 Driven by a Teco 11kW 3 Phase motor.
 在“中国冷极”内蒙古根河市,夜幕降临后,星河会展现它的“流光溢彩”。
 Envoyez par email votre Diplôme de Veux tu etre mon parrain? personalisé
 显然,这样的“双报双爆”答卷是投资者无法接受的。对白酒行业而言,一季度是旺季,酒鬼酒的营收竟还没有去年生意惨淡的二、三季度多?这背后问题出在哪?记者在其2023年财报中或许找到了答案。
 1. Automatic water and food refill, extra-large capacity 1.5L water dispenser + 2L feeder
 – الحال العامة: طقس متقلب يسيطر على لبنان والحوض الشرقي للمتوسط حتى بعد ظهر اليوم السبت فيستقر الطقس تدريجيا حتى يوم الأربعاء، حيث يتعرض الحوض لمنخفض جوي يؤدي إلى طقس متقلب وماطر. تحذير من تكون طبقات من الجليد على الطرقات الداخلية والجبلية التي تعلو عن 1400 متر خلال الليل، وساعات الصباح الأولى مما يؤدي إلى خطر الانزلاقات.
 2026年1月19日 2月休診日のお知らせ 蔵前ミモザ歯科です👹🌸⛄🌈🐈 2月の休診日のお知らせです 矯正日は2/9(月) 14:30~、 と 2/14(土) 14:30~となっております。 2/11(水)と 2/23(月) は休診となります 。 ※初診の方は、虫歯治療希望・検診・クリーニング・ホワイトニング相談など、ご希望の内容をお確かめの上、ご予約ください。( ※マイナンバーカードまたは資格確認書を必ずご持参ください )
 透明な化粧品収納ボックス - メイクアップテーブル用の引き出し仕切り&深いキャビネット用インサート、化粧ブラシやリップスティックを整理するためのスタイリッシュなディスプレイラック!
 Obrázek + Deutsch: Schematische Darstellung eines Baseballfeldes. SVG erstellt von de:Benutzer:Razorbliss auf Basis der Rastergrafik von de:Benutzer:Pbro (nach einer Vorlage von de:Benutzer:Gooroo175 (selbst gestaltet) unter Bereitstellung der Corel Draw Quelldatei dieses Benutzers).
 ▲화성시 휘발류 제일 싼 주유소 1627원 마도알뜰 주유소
┄┄┄┄┄┄┄┄┄┄
* **Assignment**:
Please transcribe the data above without changes, from its first line to its "إلى خطر الانزلاقات." line, and leave out anything past that.

* **Task result**:
 Driven by a Teco 11kW 3 Phase motor.
 在“中国冷极”内蒙古根河市,夜幕降临后,星河会展现它的“流光溢彩”。
 Envoyez par email votre Diplôme de Veux tu etre mon parrain? personalisé
 显然,这样的“双报双爆”答卷是投资者无法接受的。对白酒行业而言,一季度是旺季,酒鬼酒的营收竟还没有去年生意惨淡的二、三季度多?这背后问题出在哪?记者在其2023年财报中或许找到了答案。
 1. Automatic water and food refill, extra-large capacity 1.5L water dispenser + 2L feeder
 – الحال العامة: طقس متقلب يسيطر على لبنان والحوض الشرقي للمتوسط حتى بعد ظهر اليوم السبت فيستقر الطقس تدريجيا حتى يوم الأربعاء، حيث يتعرض الحوض لمنخفض جوي يؤدي إلى طقس متقلب وماطر. تحذير من تكون طبقات من الجليد على الطرقات الداخلية والجبلية التي تعلو عن 1400 متر خلال الليل، وساعات الصباح الأولى مما يؤدي إلى خطر الانزلاقات.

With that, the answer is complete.